### [GOAL OF THE EXERCISE]
Extract only the lines running from the top of the entries to the line that holds "Today we woke". Include that line and omit the pictures.

### [EXCERPTED RECORDS]
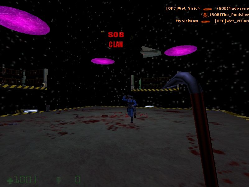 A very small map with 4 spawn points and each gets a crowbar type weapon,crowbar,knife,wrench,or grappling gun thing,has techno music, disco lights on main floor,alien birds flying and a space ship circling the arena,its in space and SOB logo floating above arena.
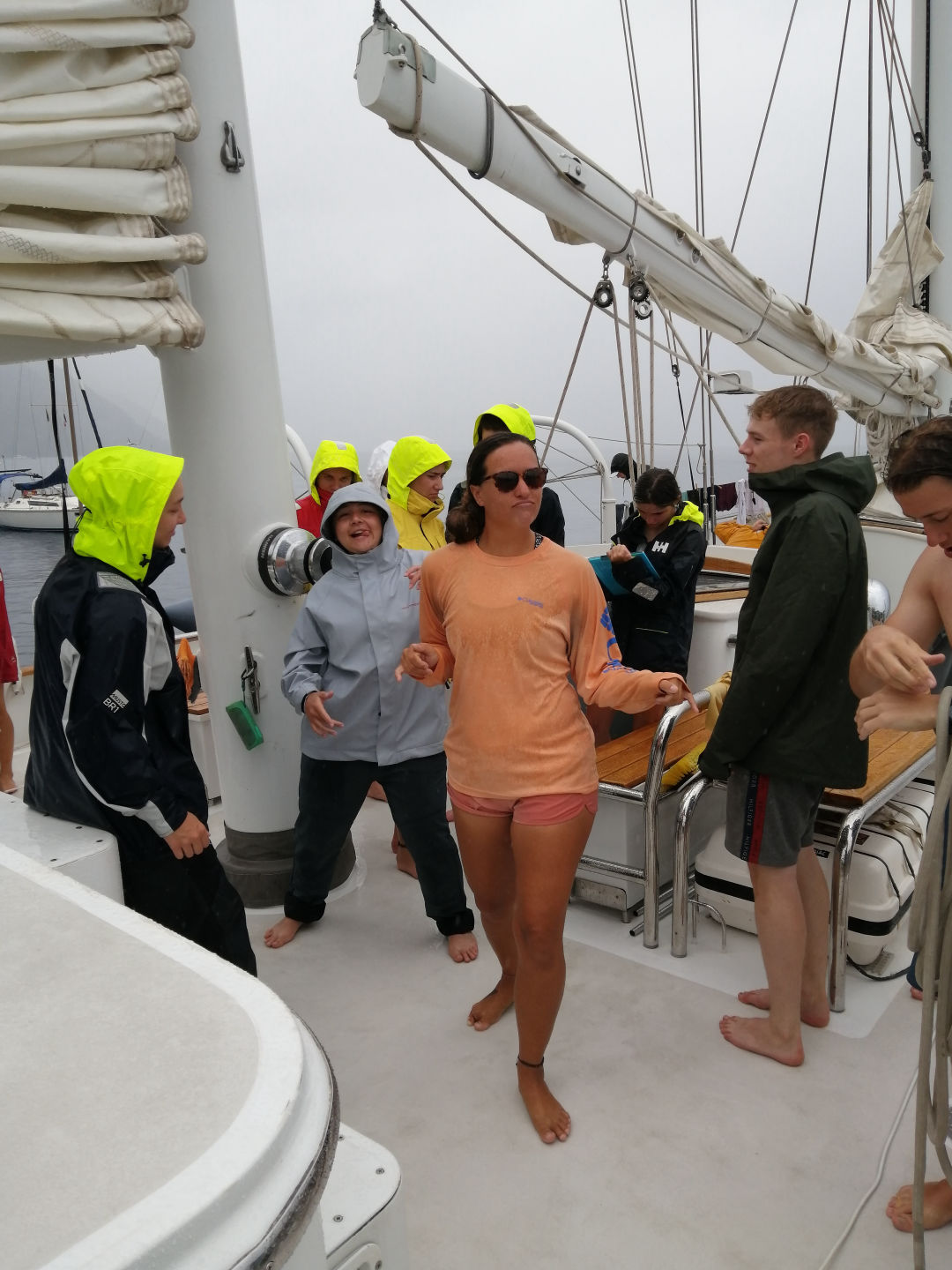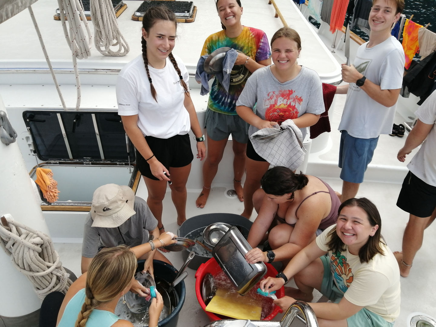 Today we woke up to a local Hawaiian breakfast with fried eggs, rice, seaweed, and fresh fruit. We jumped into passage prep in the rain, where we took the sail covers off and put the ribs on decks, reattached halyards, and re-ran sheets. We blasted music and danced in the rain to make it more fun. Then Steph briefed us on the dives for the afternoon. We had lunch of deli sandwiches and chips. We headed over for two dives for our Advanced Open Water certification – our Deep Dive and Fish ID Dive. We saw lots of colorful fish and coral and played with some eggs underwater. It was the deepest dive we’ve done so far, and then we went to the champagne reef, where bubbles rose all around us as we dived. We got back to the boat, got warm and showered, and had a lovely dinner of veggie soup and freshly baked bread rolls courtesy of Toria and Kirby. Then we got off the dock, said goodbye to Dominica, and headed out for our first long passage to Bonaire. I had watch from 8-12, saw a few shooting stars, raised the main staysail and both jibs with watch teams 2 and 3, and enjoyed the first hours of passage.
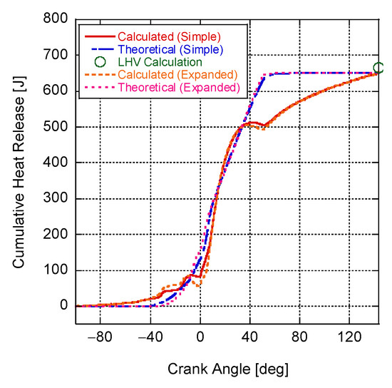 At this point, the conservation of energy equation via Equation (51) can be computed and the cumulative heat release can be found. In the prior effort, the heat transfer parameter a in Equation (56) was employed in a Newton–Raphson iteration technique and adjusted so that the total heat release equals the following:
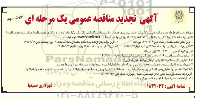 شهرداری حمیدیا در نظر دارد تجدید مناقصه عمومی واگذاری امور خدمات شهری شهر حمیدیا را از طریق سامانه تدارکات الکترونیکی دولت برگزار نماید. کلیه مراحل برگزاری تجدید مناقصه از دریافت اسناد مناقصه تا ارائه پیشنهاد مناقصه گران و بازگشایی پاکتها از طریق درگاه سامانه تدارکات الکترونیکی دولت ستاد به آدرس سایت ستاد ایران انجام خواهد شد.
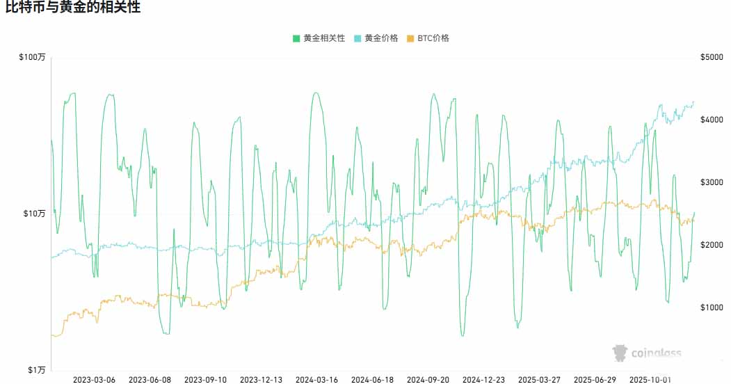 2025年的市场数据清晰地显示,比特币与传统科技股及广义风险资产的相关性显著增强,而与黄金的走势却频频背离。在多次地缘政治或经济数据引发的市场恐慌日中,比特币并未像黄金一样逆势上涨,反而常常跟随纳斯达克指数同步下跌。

### [ANSWER FOR THIS EXERCISE]
 A very small map with 4 spawn points and each gets a crowbar type weapon,crowbar,knife,wrench,or grappling gun thing,has techno music, disco lights on main floor,alien birds flying and a space ship circling the arena,its in space and SOB logo floating above arena.
 Today we woke up to a local Hawaiian breakfast with fried eggs, rice, seaweed, and fresh fruit. We jumped into passage prep in the rain, where we took the sail covers off and put the ribs on decks, reattached halyards, and re-ran sheets. We blasted music and danced in the rain to make it more fun. Then Steph briefed us on the dives for the afternoon. We had lunch of deli sandwiches and chips. We headed over for two dives for our Advanced Open Water certification – our Deep Dive and Fish ID Dive. We saw lots of colorful fish and coral and played with some eggs underwater. It was the deepest dive we’ve done so far, and then we went to the champagne reef, where bubbles rose all around us as we dived. We got back to the boat, got warm and showered, and had a lovely dinner of veggie soup and freshly baked bread rolls courtesy of Toria and Kirby. Then we got off the dock, said goodbye to Dominica, and headed out for our first long passage to Bonaire. I had watch from 8-12, saw a few shooting stars, raised the main staysail and both jibs with watch teams 2 and 3, and enjoyed the first hours of passage.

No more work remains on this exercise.